[Exercise directions]:
Down to the last line, retype the records below exactly and skip the pictures.

*-*-*

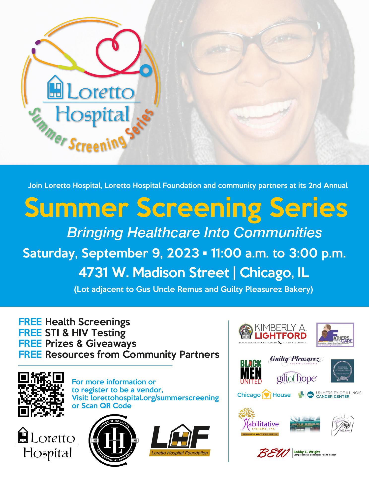 Participating partners in Loretto’s Summer Screening Series include Loretto Hospital Foundation, Illinois Senate Majority Leader Kimberly A. Lightford, Fathers Who Care, Black Men United, Chicago House, Women of Self Love, Inc., University of Illinois Cancer Center, Gift of Hope Organ & Tissue Do nor Network, Habilitative Systems, Inc., Westside Community Stakeholders, and Bobby E. Wright Comprehensive Behavioral Health Center. For more information, visit www.lorettohospital.org/summerscreening.
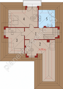 Квадратная галерея-терраса с тыльной стороны как нельзя лучше подходит для обустройства на ней зоны отдыха. К тому же она позволяет максимально использовать природное окружение, чтобы жилой объект более тесно связывался с ним. В планировочном решении хочется отметить грамотный подход к зонированию: кухня и гостиная отделены друг от друга. Таким образом, не нарушается цельность каждого помещения. Для сравнения, в проектах деревянных домов кухня и гостиная чаще всего единое целое. В мансардном этаже располагаются хозяйские покои.
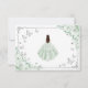 Sage green silver and white Quinceanera RSVP reply card. Features brunette girl in ball gown dress, script font, silver butterflies, roses and tiara. Perfect for an elegant princess style glam celebration. Personalize with your own details.
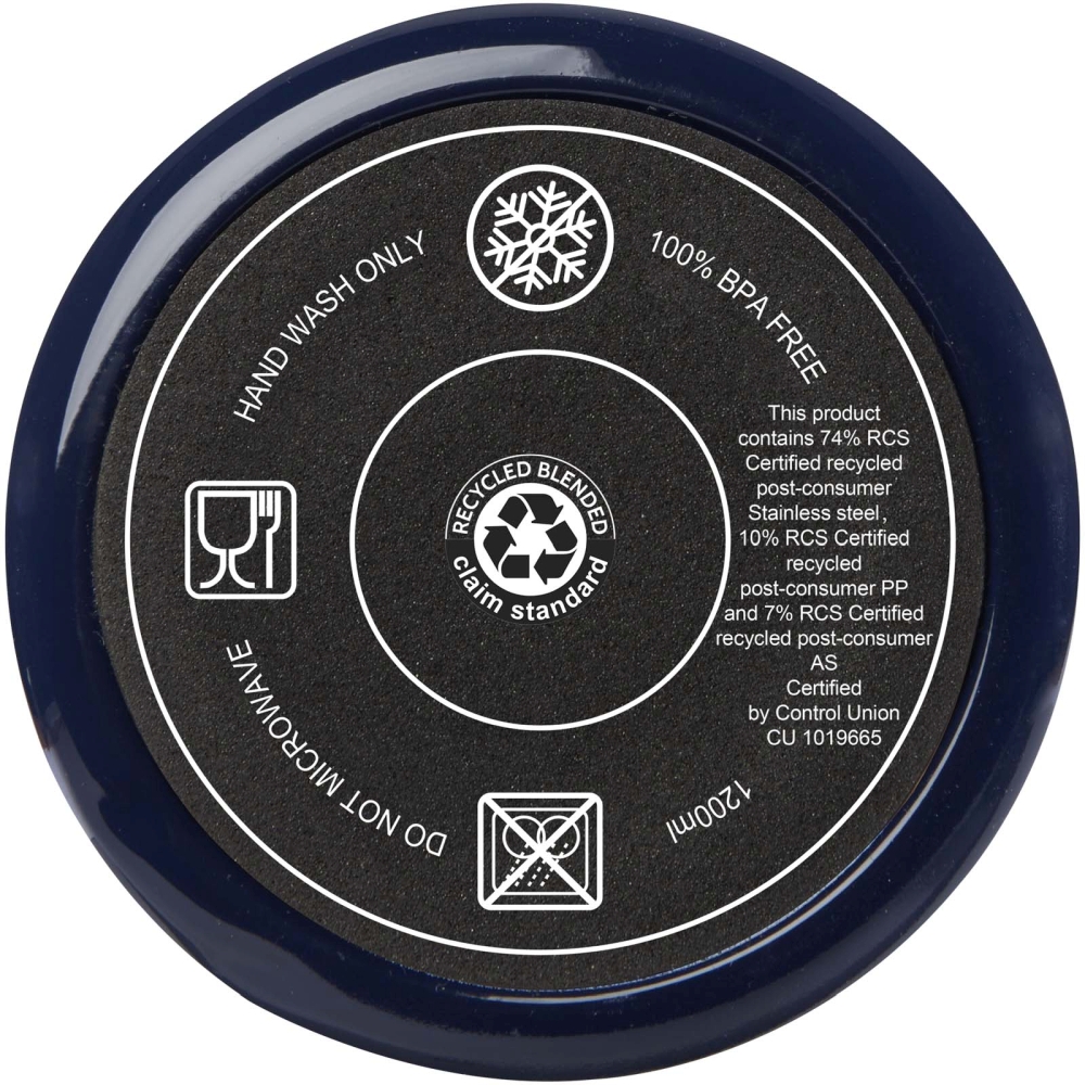 Hrnek se vyznačuje odolnou konstrukcí s dvojitou stěnou, která udržuje nápoje horké nebo studené v jakémkoli prostředí. Vnitřní stěna hrnku je vyrobena z recyklovaného plastu, vnější stěna z recyklované nerezové oceli. Hrnek o objemu 1200 ml nabízí stylový způsob, jak zůstat hydratovaný po celý den. Má přítlačné víčko odolné proti vyšplíchnutí se dvěma otvory a otočným uzávěrem. Dodává se s recyklovaným brčkem potravinářské kvality. Nedoporučujeme mýt v myčce. Rozměry: 13,8 x 26,1 x 10 x O 10 cm
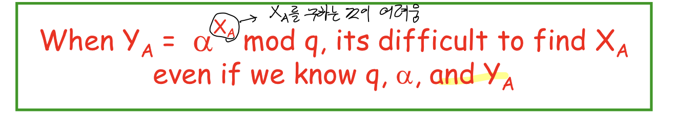 - 이산 로그의 계산이 어려운 것을 이용한 알고리즘
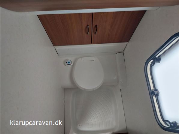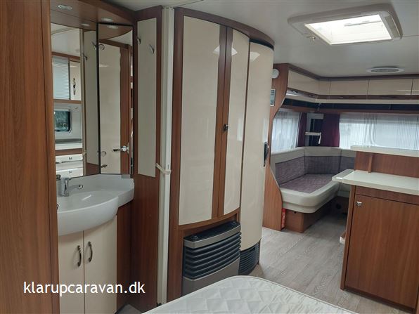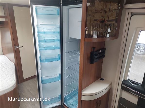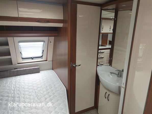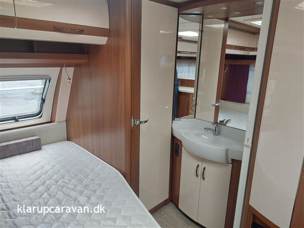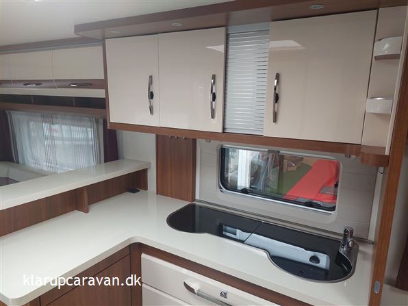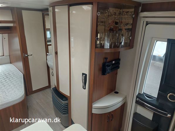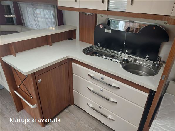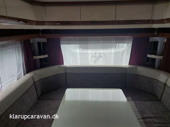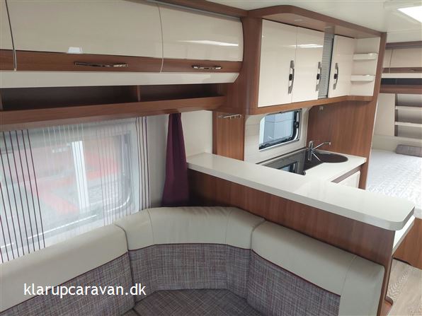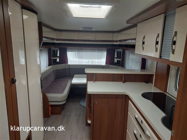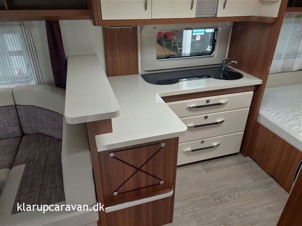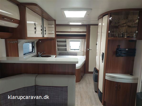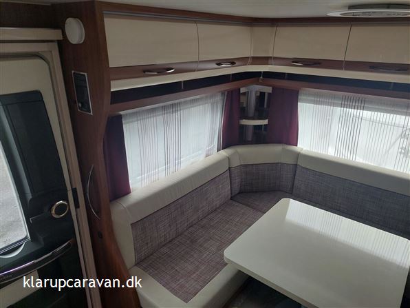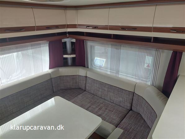 Populær indretning med vinkelkøkken og stor rundsiddegruppe i bagenden af vognen. Fransk seng i fronten med mulighed for at komme ud for enden af sengen. Stort vinkelkøkken med brede skuffer og udtrækshylder i hjørneskabet og et 140 ltr. køleskab. Der medfølger et Isabella Commodore fortelt.
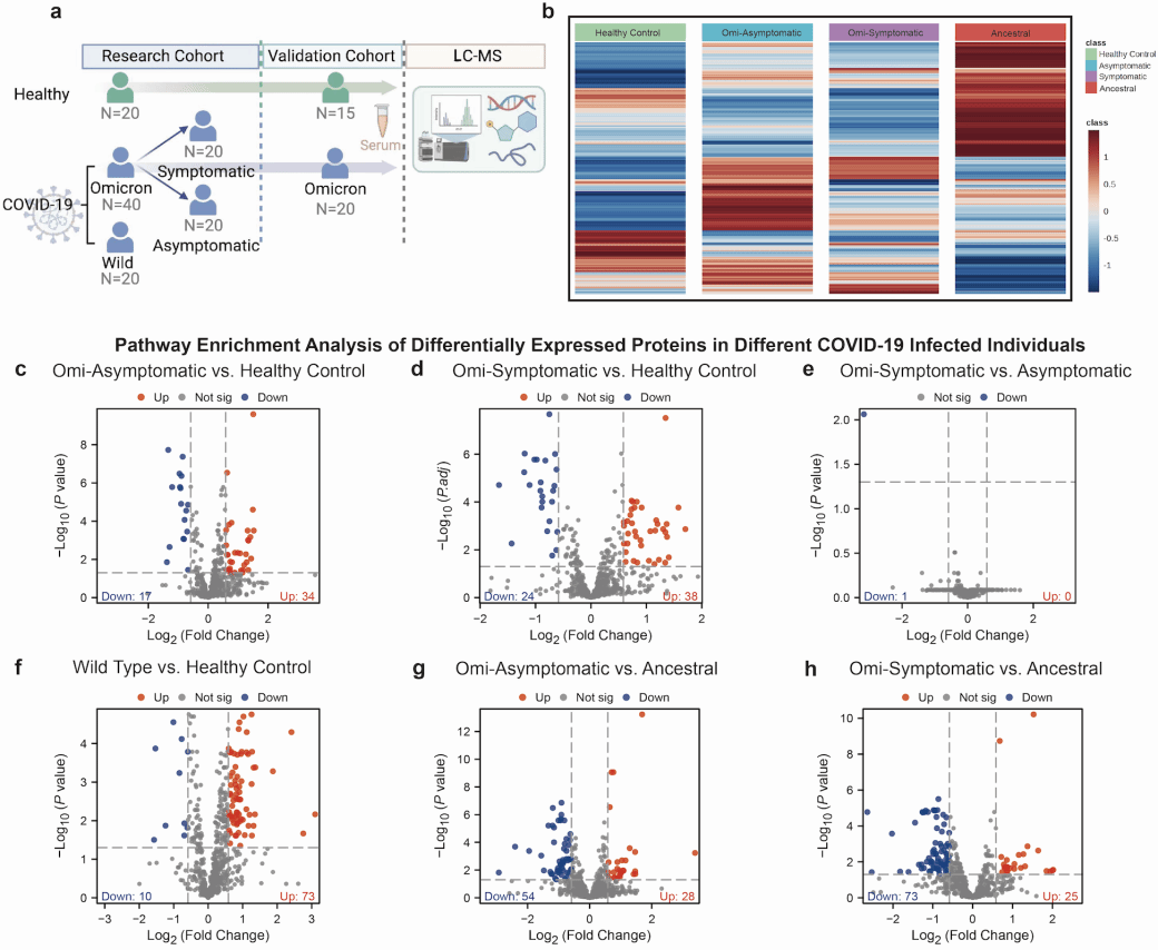 本研究共纳入60例Omicron变异株感染者、20例原始毒株感染者及35例健康对照者。分别构建发现队列与验证队列。通过蛋白质组学、蛋白修饰组学与代谢组学联合测序,系统筛选并鉴定出与肺实质渗出密切相关的特征性蛋白通路—VCL(钙粘附蛋白)/ICAM-1(细胞间黏附分子-1)。

*-*-*

[Expected answer]:
 Participating partners in Loretto’s Summer Screening Series include Loretto Hospital Foundation, Illinois Senate Majority Leader Kimberly A. Lightford, Fathers Who Care, Black Men United, Chicago House, Women of Self Love, Inc., University of Illinois Cancer Center, Gift of Hope Organ & Tissue Do nor Network, Habilitative Systems, Inc., Westside Community Stakeholders, and Bobby E. Wright Comprehensive Behavioral Health Center. For more information, visit www.lorettohospital.org/summerscreening.
 Квадратная галерея-терраса с тыльной стороны как нельзя лучше подходит для обустройства на ней зоны отдыха. К тому же она позволяет максимально использовать природное окружение, чтобы жилой объект более тесно связывался с ним. В планировочном решении хочется отметить грамотный подход к зонированию: кухня и гостиная отделены друг от друга. Таким образом, не нарушается цельность каждого помещения. Для сравнения, в проектах деревянных домов кухня и гостиная чаще всего единое целое. В мансардном этаже располагаются хозяйские покои.
 Sage green silver and white Quinceanera RSVP reply card. Features brunette girl in ball gown dress, script font, silver butterflies, roses and tiara. Perfect for an elegant princess style glam celebration. Personalize with your own details.
 Hrnek se vyznačuje odolnou konstrukcí s dvojitou stěnou, která udržuje nápoje horké nebo studené v jakémkoli prostředí. Vnitřní stěna hrnku je vyrobena z recyklovaného plastu, vnější stěna z recyklované nerezové oceli. Hrnek o objemu 1200 ml nabízí stylový způsob, jak zůstat hydratovaný po celý den. Má přítlačné víčko odolné proti vyšplíchnutí se dvěma otvory a otočným uzávěrem. Dodává se s recyklovaným brčkem potravinářské kvality. Nedoporučujeme mýt v myčce. Rozměry: 13,8 x 26,1 x 10 x O 10 cm
 - 이산 로그의 계산이 어려운 것을 이용한 알고리즘
 Populær indretning med vinkelkøkken og stor rundsiddegruppe i bagenden af vognen. Fransk seng i fronten med mulighed for at komme ud for enden af sengen. Stort vinkelkøkken med brede skuffer og udtrækshylder i hjørneskabet og et 140 ltr. køleskab. Der medfølger et Isabella Commodore fortelt.
 本研究共纳入60例Omicron变异株感染者、20例原始毒株感染者及35例健康对照者。分别构建发现队列与验证队列。通过蛋白质组学、蛋白修饰组学与代谢组学联合测序,系统筛选并鉴定出与肺实质渗出密切相关的特征性蛋白通路—VCL(钙粘附蛋白)/ICAM-1(细胞间黏附分子-1)。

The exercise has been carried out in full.